И вдруг священник мгновенно умолк и стал бледнеть, не отводя глаз от двери в переднюю. Мы все невольно повернули головы в этом же направлении. Там стояла перепуганная и тоже бледная Катерина Матвеевна, наша кухарка и наш давний друг, родом из Гдовского уезда, похожая обычно на солидную каменную бабу, но теперь совсем растерявшаяся. За ее спиною тускло поблескивали лезвия примкнутых штыков и смутно шевелились толпившиеся в передней люди. Катерине Матвеевне казалось, что она что-то говорит, губы ее двигались, но из них не выходило ни одного звука.

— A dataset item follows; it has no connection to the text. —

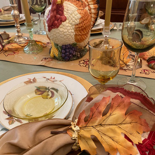 Thanksgiving was definitely a smaller affair compared to years past, but the food was delicious and the company was wonderful! Good friend Kissy and I had several ideas to set the table and in the end we used my Royal Worcester Evesham Gold china. I have always loved this pattern and it is the first china I started buying myself when I moved into my own place. I have added to it for years, finding it as TJ Maxx, on FB Marketplace and online. I have many different serving pieces, glasses and my treasured cream soup bowls.

Это пришли ко мне с обыском: четыре распоясанных, расстегнутых солдата (...) под командою стройного белесого маленького латышонка, туго и ловко одетого в походные желтые ремни новенького хаки. Шестым был долговязый комиссар в поношенном черном пиджаке; правой руки у него не хватало по локоть.
Два солдата остались на кухне, все остальные вошли в комнату. Однорукий протянул перед собой грязный почтовый листок и сказал:
– По мандату от Совета рабочих и солдатских депутатов мы должны произвести в этой квартире обыск. Прошу кого-нибудь из хозяев следовать за мною.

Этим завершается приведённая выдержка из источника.